RightNow yesterday released a new standardized pricing and licensing model for its customers and a challenge to its competitors.
Right now today, I’m wondering how much that will influence purchases by potential customers and how (or whether) those competitors will respond.
The move has brought some very positive press for the company in the past 24 hours. It’s been called “a game-changing play in enterprise software” by Frank Scavo, “a step in the right direction” by Vinnie Mirchandani and “genuinely important” by Paul Greenberg. Those are just a few of the favorable reports.
Certainly RightNow’s “Cloud Services Agreement” provides benefits to software buyers: seat months similar to rollover minutes in the wireless industry for seasonal businesses; the ability to adjust the number of seats based on need; the ability to terminate contracts on an annual basis; cash credits for not meeting SLAs.
As Scavo writes:
RightNow’s move brings it closer to a model of pure utility computing, where the customer pays only for what he uses, as is the case with electrical utilities. Sure, your electrical utility levies some base charge to cover the cost of provisioning and maintaining the customer’s connection. But most of the cost of electrical service to the customer is usage-based.

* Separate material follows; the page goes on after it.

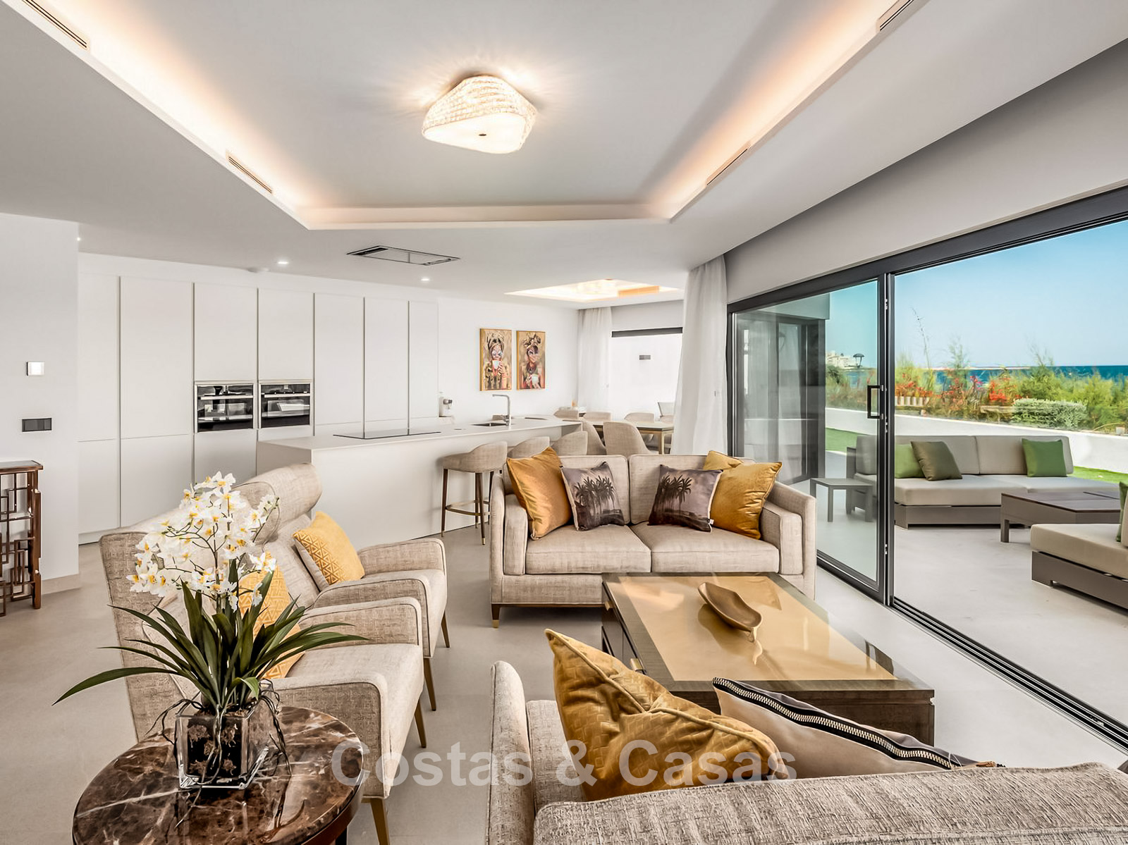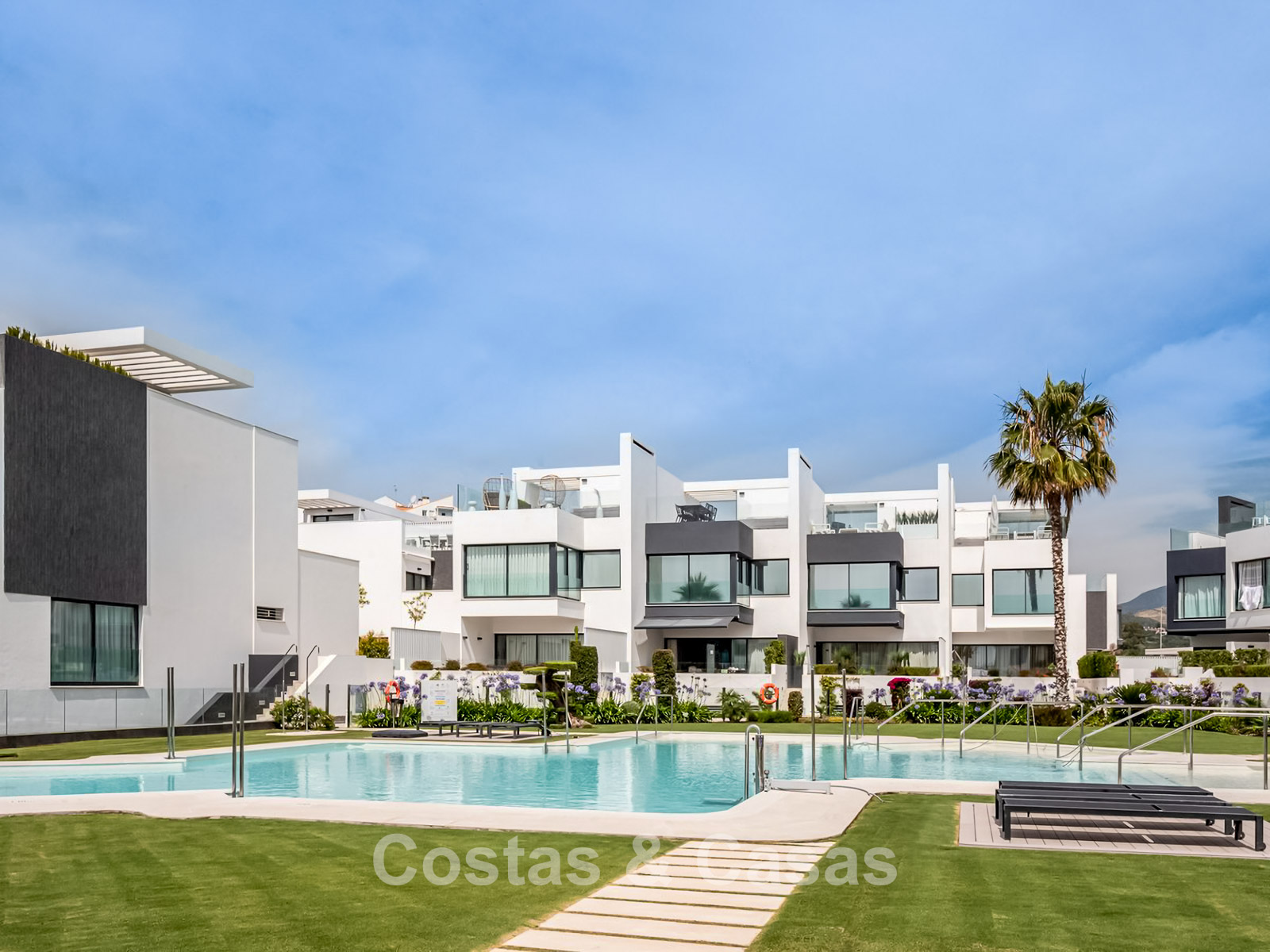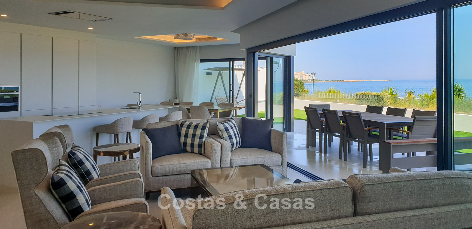 Instapklare, moderne, eerstelijnsstrand luxe rijwoning te koop met frontaal zeezicht, op wandelafstand van het centrum van Estepona

You use more, you pay more. You use less, you pay less.
Really, much of this is what SaaS CRM vendors have promised and touted all along but — as Gianforte noted yesterday — never delivered.
But are there really businesses out there that are paying for annual licenses for seasonal workers? If so, they should get someone else to negotiate their SaaS contracts.
Being able to get out of a contract each year is certainly an advantage over a three-year lock in, and way better than paying everything up front for a system that may not work out, a la on-premise. But I always figured signing up for a longer-term agreement meant a better deal for the buyer. Does that discount come off the table for RightNow buyers?
RightNow has introduced some flexibility into SaaS contracts and that’s a good thing. Yet, how much of a difference does that make in the decision process?
As Greenberg wrote:
What might have gotten lost in all the buzz around this effort was – companies are still going to be looking for functionality – first and foremost. Then, after that, all things being equal, the differentiator is the relationship you have with the vendor, which of course, is reflected in the kind of contract you have with them.
Ken Harris, CIO of Shaklee, one of the customers RightNow brought on stage yesterday, said contracts can be a deal breaker for him. He said he’s backed out of some deals with SaaS vendors because of disagreements over the things RightNow is guaranteeing.
It seems to me more likely that rather than choosing RightNow over competitors thanks to the Cloud Services Agreement, they’ll decide which software they want and then demand these sorts of concessions from those competitors.
That’s just what Forrester’s Liz Herbet suggests:
Firms should ask their other SaaS vendors for similar terms and expect leading SaaS providers will follow RightNow’s lead.
So what’s in it for RightNow? It will certainly shorten the sales cycle if all these items are taken out of the negotiation. Gianforte claimed the company already has one $1 million plus deal thanks to the agreements. But if buyers can ultimately get the same deals from RightNow’s competitors it’s not much of a competitive differentiator, whether those competitors offer these arrangements publicly or do it privately when negotiating contracts.
Enterprise software buyers have lost a lot of negotiation power due to all the consolidation in the industry. SaaS, cloud computing, third-party maintenance and the victory of SAP user groups and key accounts in SAP’s Premier Support fiasco gave them some of that power back. Looks like RightNow just gave them a little more.